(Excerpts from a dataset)
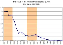 The outbreak of World War I caused France to leave the gold standard of the LMU. The war severely undermined the franc's strength: war expenditure, inflation and postwar reconstruction, financed partly by printing ever more money, reduced the franc's purchasing power by 70% between 1915 and 1920. After a brief appreciation of the franc during the Depression of 1920–1921, it depreciated a further 43% between 1922 and a balancing of the budget in 1926. This devaluation was aggravated by the insistence of the Republican U.S. federal government and World War Foreign Debts Commission that France's war debts be repaid within 25 years at a minimal 4.25 percent interest per year. The currency devaluation contributed to French demands for high reparations payments from Germany.[15] After a brief return to the gold standard between 1928 and 1936, the currency was allowed to resume its slide, until in 1959 it was worth less than 2.5% of its 1934 value.
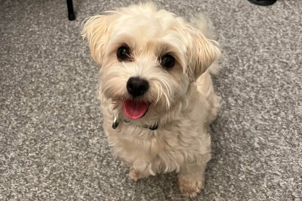 Un Maltipoo assis sur une moquette et portant un collier autour du cou
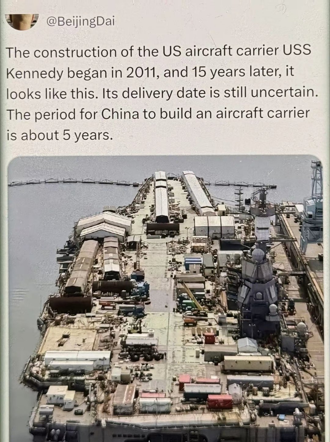 美国肯尼迪号航空母舰于2011年开始建造,15年后,它看起来是这样的。其交付日期仍不确定
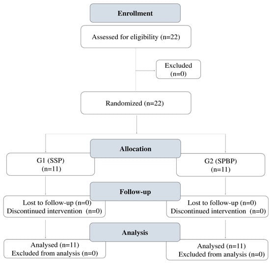 The team coach, under the supervision of the study’s lead author, randomly assigned the 22 players into two groups using a balanced randomization method. Players were first paired based on specific characteristics, such as prior performance, and then randomly allocated within each pair, ensuring that both groups had a similar composition with respect to these key variables. This ensured a fair and unbiased assignment. Following randomization, each group consisted of 11 participants (Figure 2).
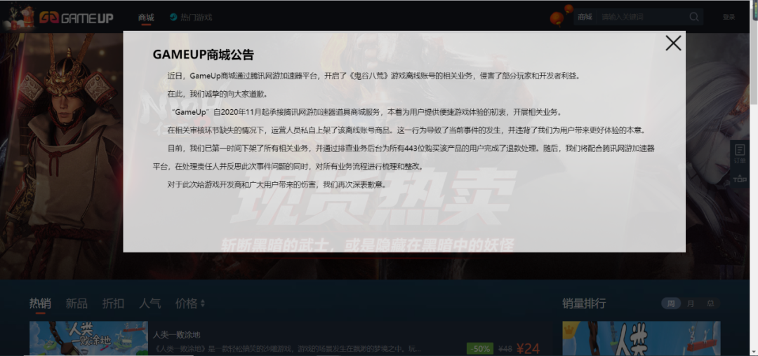 抽丝剥茧,竞核又找向GameUp。在该公司网站首页,自动弹出了道歉公告,表示本次事件是由于“相关审核环节缺失的情况下,运营人员私自上架了离线账号商品”。
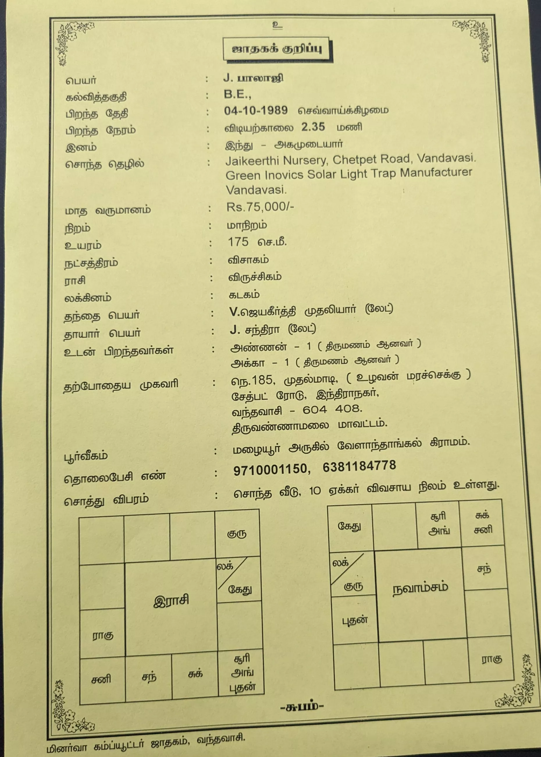 Basic information Name J. Balaji Mobile Number Login to see the mobile number Date of birth 4 October, 1989 Address Vandavasi 604408 Tamil Nadu India Height 5ft 9in / 175 cms Any Disability Normal Family Details Matrimony Profile For Myself Mother Tongue Tamil Caste Agamudayar / Arcot / Thuluva Vellala Subcaste Agamudayar Marital Status Never Married Family Type Nuclear Family Status Upper middle class Family Values Traditional Horoscope Details Born Star Vishaka / Visakham Lagnam Cancer (Katakam) Dosham No Professional Details Employed in Business Occupation Others Annual Income 9 - 10 Lakhs Highest Education B.E/B.Tech Personal Information Body Type Average Drink No Smoke No Horoscope
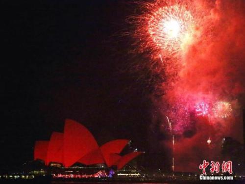 中新网1月28日电 综合报道,当地时间1月27日晚,悉尼10余位各界政要、侨领同时摁下按纽,悉尼歌剧院的白色外观刹那间变成耀眼的中国红,随后焰火腾空而起,引来现场数千名民众的一片喝彩。
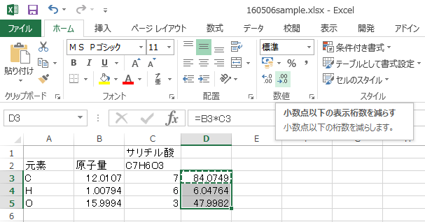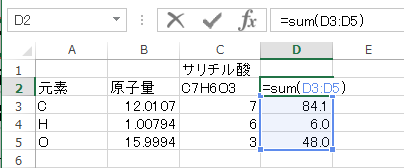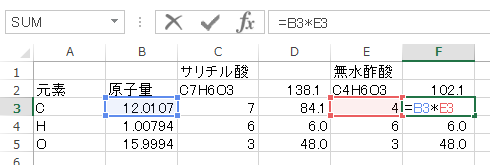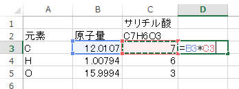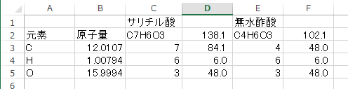 サリチル酸と無水酢酸はともに炭素、水素、酸素からなる。それぞれの元素の原子量を調べて、ExcelのA3からB5までのセルに入力する。
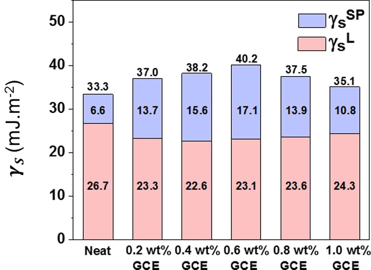 The CA and surface free energy results for the GCE composites, as calculated using Eq. (6), are reported in Table 2 and Fig. 5.
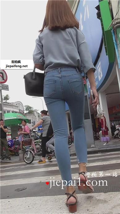 街拍蓝色紧身牛仔裤美眉
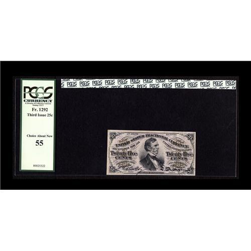 Fr. 1292 25c Third Issue PCGS Choice About New 55. This Fr. 1292 25c Third Issue PCGS Choice About N
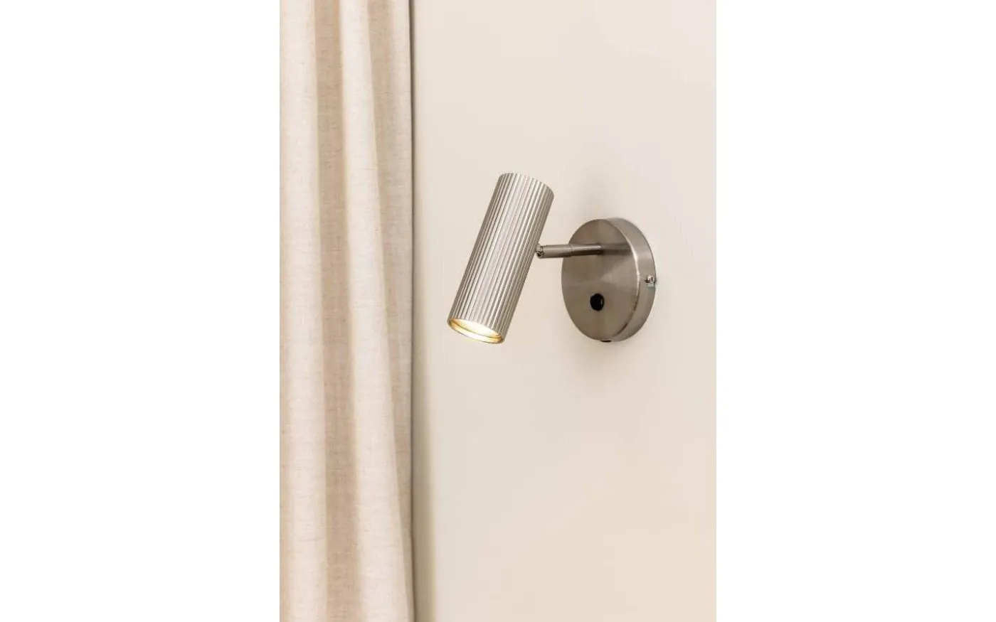 Stilrena vägglampan Hubble, från välkända Globen Lighting, är en läslampa i metall med en borstad stålfärgad finish. Det smala lamphuvudet, med en räfflad look, är riktbart vilket gör att denna vägglampa passar perfekt som läslampa intill sängen.
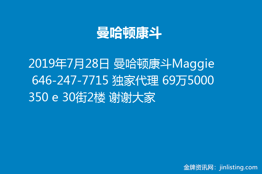 曼哈顿康斗Maggie 646-247-7715 独家代理 69万5000 350 e 30街2楼 谢谢大家
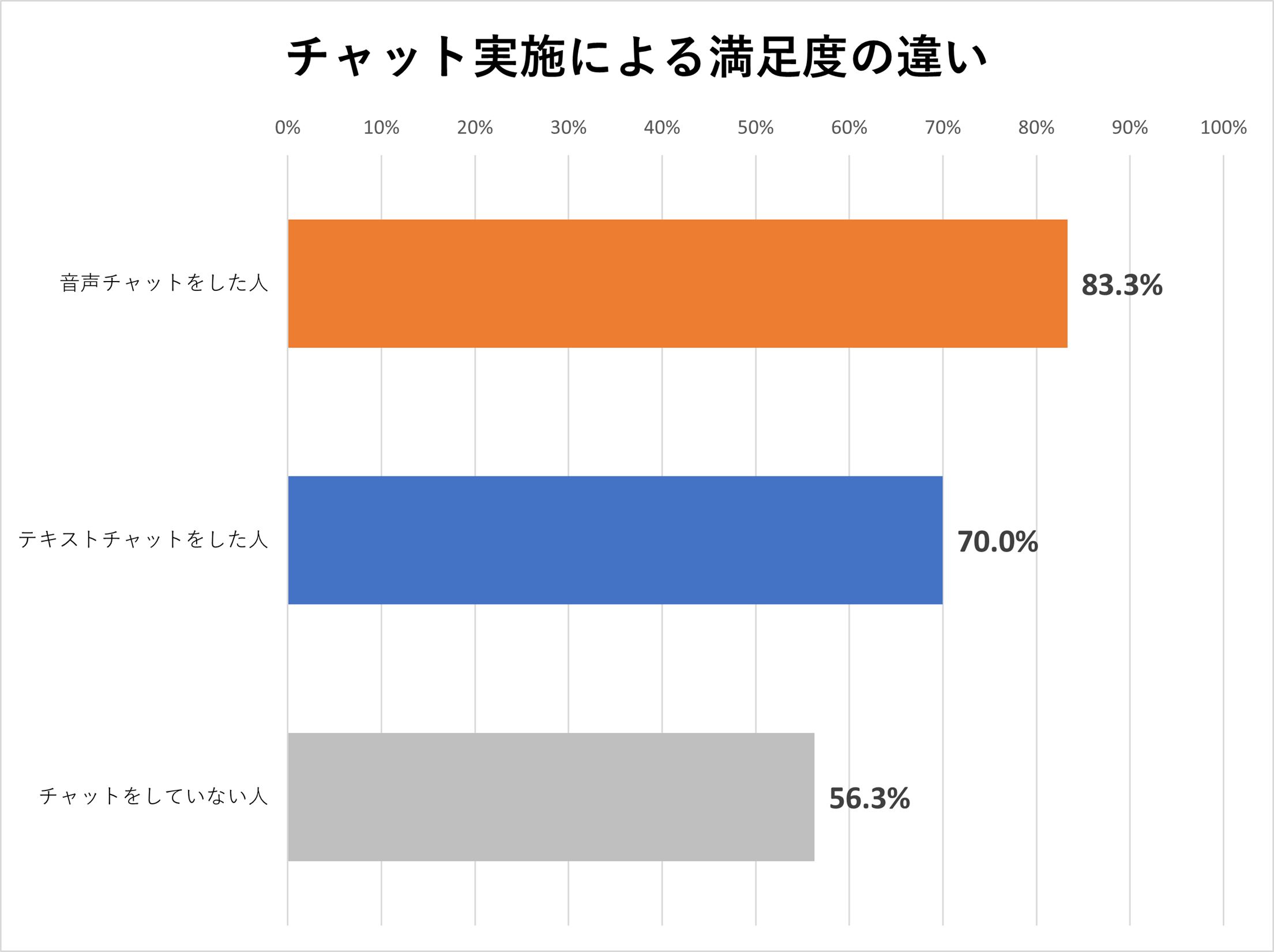 また、オンラインイベントの課題としてよく挙がるのが、参加者との双方向のコミュニケーションです。参加者と出展社でコミュニケーションを取る際に用いられるチャットの満足度についての設問では、チャットを利用していない人の満足度が56.3%なのに対して、テキストチャットを利用した人は70.0%、音声チャットを利用した人は83.3%と、チャットを利用した人のほうが満足度が高いことがわかりました。
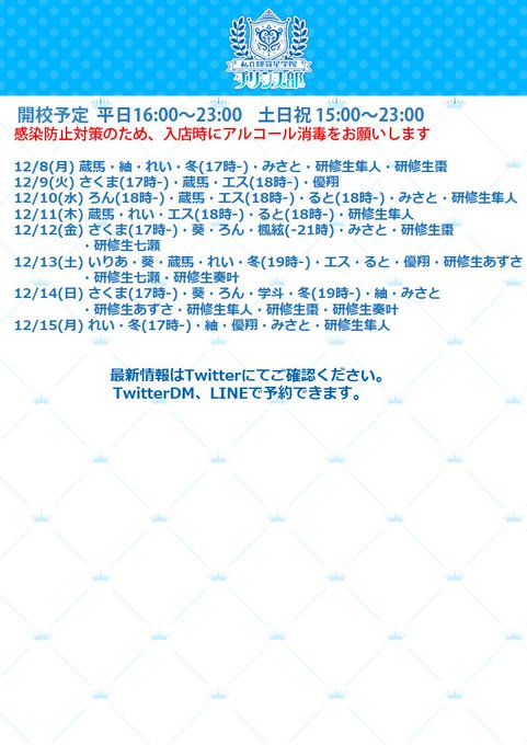 秋葉原・神田 私立輝羅星学院プリンス部固定私立輝羅星学院プリンス部@kiraboshiprince·【開校予定】登校予定を更新しました イケメンの男装部員がカフェでお待ちしています 入り口にアルコールジェルを設置してありますので、ご利用ください DM、LINEでカフェの予約が出来ます36357
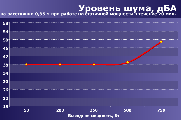 При работе на мощности до 500 Вт включительно шум находится на уровне выше среднего при расположении в ближнем поле; при более значительном удалении и размещении под столом в корпусе с нижним расположением БП такой шум можно будет трактовать как находящийся на среднем уровне. В дневное время суток в жилом помещении источник с подобным уровнем шума будет хорошо заметен, но достаточно легко переносим, особенно на расстоянии метра и более, а в офисном помещении он будет не слишком заметен, так как фоновый шум в офисах обычно выше, чем в жилых помещениях. В ночное время суток источник с таким уровнем шума будет хорошо заметен, спать рядом будет затруднительно.
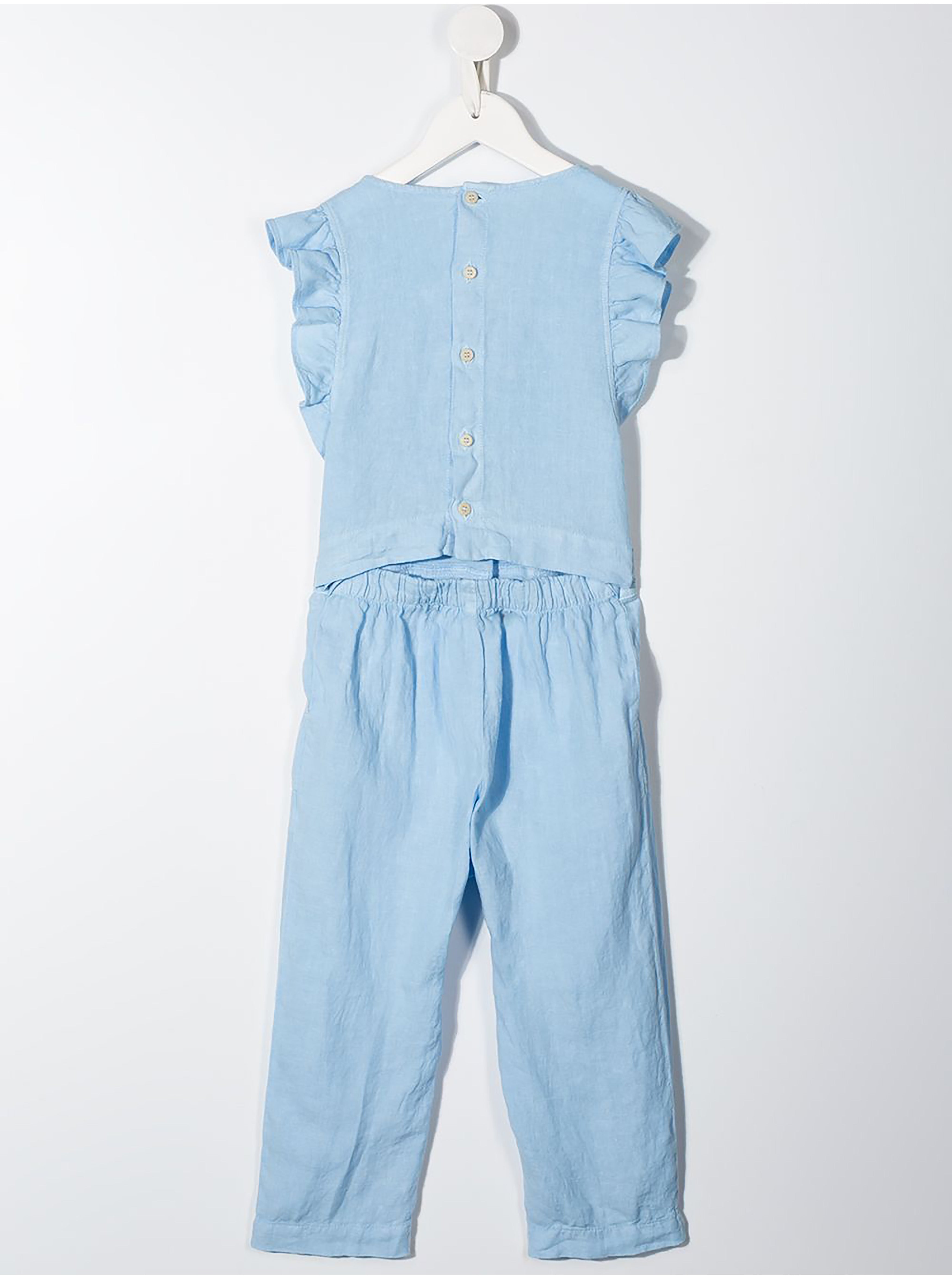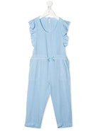 Light blue ruffle-trimmed linen jumpsuit from Il Gufo featuring a round neck, a back button fastening, short sleeves, an elasticated waistband with a drawstring fastening, a straight leg, side slit pockets and a regular length.
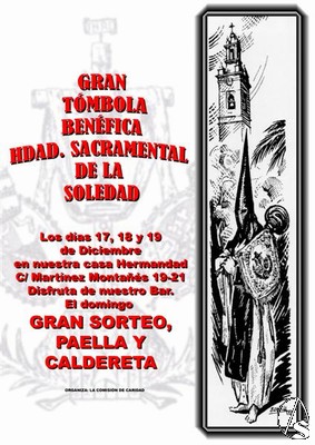 Arte Sacro. El viernes 17 de diciembre por la tarde comenzará la tómbola benéfica organizada por la Hermandad de la Soledad de San Lorenzo y se prolongará durante todo el sábado y el domingo, teniendo lugar el sorteo de los premios más importantes el domingo por la tarde, tras disfrutar de una gran paella y una caldereta servida por las hermanas a mediodía en el bar, instalado para la ocasión.
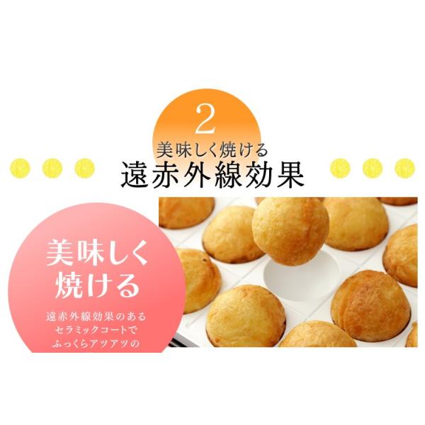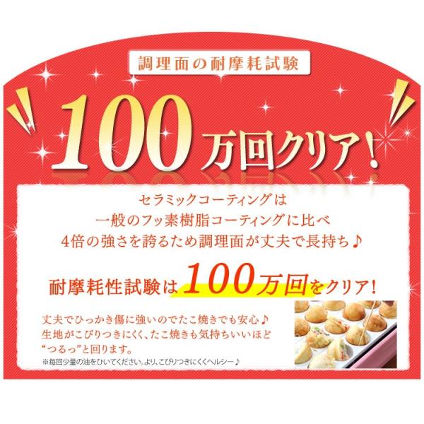 こびりつきにくいセラミック加工で、焼きムラも少なく、アツアツおいしいたこ焼きが作れる!
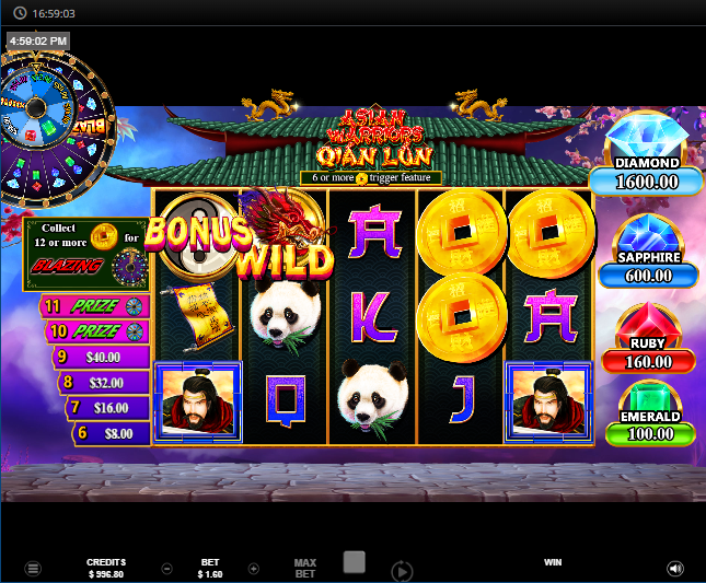 The Blazing Wheel is the ultimate prize in the “Asian Warriors Qian Lun” slot. Triggered by the collection of 12 or more Coin symbols during the Qian Lun Feature, this dynamic wheel presents players with the chance to win one or multiple of the game's four fixed jackpots: Diamond, Sapphire, Ruby, and Emerald. The value of these jackpots is displayed prominently on the right side of the screen, offering substantial rewards for fortunate players. The interplay between the Coin symbols, the locked reels, respins, and the ultimate prize of the Blazing Wheel creates a compelling loop that rewards persistence and strategic symbol collection. This layered approach to bonus triggering distinguishes it from simpler slot mechanics.

#### Exercise:
Every word of the data should be reproduced exactly; please omit any pictures.

#### Answer for the task:
 The outbreak of World War I caused France to leave the gold standard of the LMU. The war severely undermined the franc's strength: war expenditure, inflation and postwar reconstruction, financed partly by printing ever more money, reduced the franc's purchasing power by 70% between 1915 and 1920. After a brief appreciation of the franc during the Depression of 1920–1921, it depreciated a further 43% between 1922 and a balancing of the budget in 1926. This devaluation was aggravated by the insistence of the Republican U.S. federal government and World War Foreign Debts Commission that France's war debts be repaid within 25 years at a minimal 4.25 percent interest per year. The currency devaluation contributed to French demands for high reparations payments from Germany.[15] After a brief return to the gold standard between 1928 and 1936, the currency was allowed to resume its slide, until in 1959 it was worth less than 2.5% of its 1934 value.
 Un Maltipoo assis sur une moquette et portant un collier autour du cou
 美国肯尼迪号航空母舰于2011年开始建造,15年后,它看起来是这样的。其交付日期仍不确定
 The team coach, under the supervision of the study’s lead author, randomly assigned the 22 players into two groups using a balanced randomization method. Players were first paired based on specific characteristics, such as prior performance, and then randomly allocated within each pair, ensuring that both groups had a similar composition with respect to these key variables. This ensured a fair and unbiased assignment. Following randomization, each group consisted of 11 participants (Figure 2).
 抽丝剥茧,竞核又找向GameUp。在该公司网站首页,自动弹出了道歉公告,表示本次事件是由于“相关审核环节缺失的情况下,运营人员私自上架了离线账号商品”。
 Basic information Name J. Balaji Mobile Number Login to see the mobile number Date of birth 4 October, 1989 Address Vandavasi 604408 Tamil Nadu India Height 5ft 9in / 175 cms Any Disability Normal Family Details Matrimony Profile For Myself Mother Tongue Tamil Caste Agamudayar / Arcot / Thuluva Vellala Subcaste Agamudayar Marital Status Never Married Family Type Nuclear Family Status Upper middle class Family Values Traditional Horoscope Details Born Star Vishaka / Visakham Lagnam Cancer (Katakam) Dosham No Professional Details Employed in Business Occupation Others Annual Income 9 - 10 Lakhs Highest Education B.E/B.Tech Personal Information Body Type Average Drink No Smoke No Horoscope
 中新网1月28日电 综合报道,当地时间1月27日晚,悉尼10余位各界政要、侨领同时摁下按纽,悉尼歌剧院的白色外观刹那间变成耀眼的中国红,随后焰火腾空而起,引来现场数千名民众的一片喝彩。
 サリチル酸と無水酢酸はともに炭素、水素、酸素からなる。それぞれの元素の原子量を調べて、ExcelのA3からB5までのセルに入力する。
 The CA and surface free energy results for the GCE composites, as calculated using Eq. (6), are reported in Table 2 and Fig. 5.
 街拍蓝色紧身牛仔裤美眉
 Fr. 1292 25c Third Issue PCGS Choice About New 55. This Fr. 1292 25c Third Issue PCGS Choice About N
 Stilrena vägglampan Hubble, från välkända Globen Lighting, är en läslampa i metall med en borstad stålfärgad finish. Det smala lamphuvudet, med en räfflad look, är riktbart vilket gör att denna vägglampa passar perfekt som läslampa intill sängen.
 曼哈顿康斗Maggie 646-247-7715 独家代理 69万5000 350 e 30街2楼 谢谢大家
 また、オンラインイベントの課題としてよく挙がるのが、参加者との双方向のコミュニケーションです。参加者と出展社でコミュニケーションを取る際に用いられるチャットの満足度についての設問では、チャットを利用していない人の満足度が56.3%なのに対して、テキストチャットを利用した人は70.0%、音声チャットを利用した人は83.3%と、チャットを利用した人のほうが満足度が高いことがわかりました。
 秋葉原・神田 私立輝羅星学院プリンス部固定私立輝羅星学院プリンス部@kiraboshiprince·【開校予定】登校予定を更新しました イケメンの男装部員がカフェでお待ちしています 入り口にアルコールジェルを設置してありますので、ご利用ください DM、LINEでカフェの予約が出来ます36357
 При работе на мощности до 500 Вт включительно шум находится на уровне выше среднего при расположении в ближнем поле; при более значительном удалении и размещении под столом в корпусе с нижним расположением БП такой шум можно будет трактовать как находящийся на среднем уровне. В дневное время суток в жилом помещении источник с подобным уровнем шума будет хорошо заметен, но достаточно легко переносим, особенно на расстоянии метра и более, а в офисном помещении он будет не слишком заметен, так как фоновый шум в офисах обычно выше, чем в жилых помещениях. В ночное время суток источник с таким уровнем шума будет хорошо заметен, спать рядом будет затруднительно.
 Light blue ruffle-trimmed linen jumpsuit from Il Gufo featuring a round neck, a back button fastening, short sleeves, an elasticated waistband with a drawstring fastening, a straight leg, side slit pockets and a regular length.
 Arte Sacro. El viernes 17 de diciembre por la tarde comenzará la tómbola benéfica organizada por la Hermandad de la Soledad de San Lorenzo y se prolongará durante todo el sábado y el domingo, teniendo lugar el sorteo de los premios más importantes el domingo por la tarde, tras disfrutar de una gran paella y una caldereta servida por las hermanas a mediodía en el bar, instalado para la ocasión.
 こびりつきにくいセラミック加工で、焼きムラも少なく、アツアツおいしいたこ焼きが作れる!
 The Blazing Wheel is the ultimate prize in the “Asian Warriors Qian Lun” slot. Triggered by the collection of 12 or more Coin symbols during the Qian Lun Feature, this dynamic wheel presents players with the chance to win one or multiple of the game's four fixed jackpots: Diamond, Sapphire, Ruby, and Emerald. The value of these jackpots is displayed prominently on the right side of the screen, offering substantial rewards for fortunate players. The interplay between the Coin symbols, the locked reels, respins, and the ultimate prize of the Blazing Wheel creates a compelling loop that rewards persistence and strategic symbol collection. This layered approach to bonus triggering distinguishes it from simpler slot mechanics.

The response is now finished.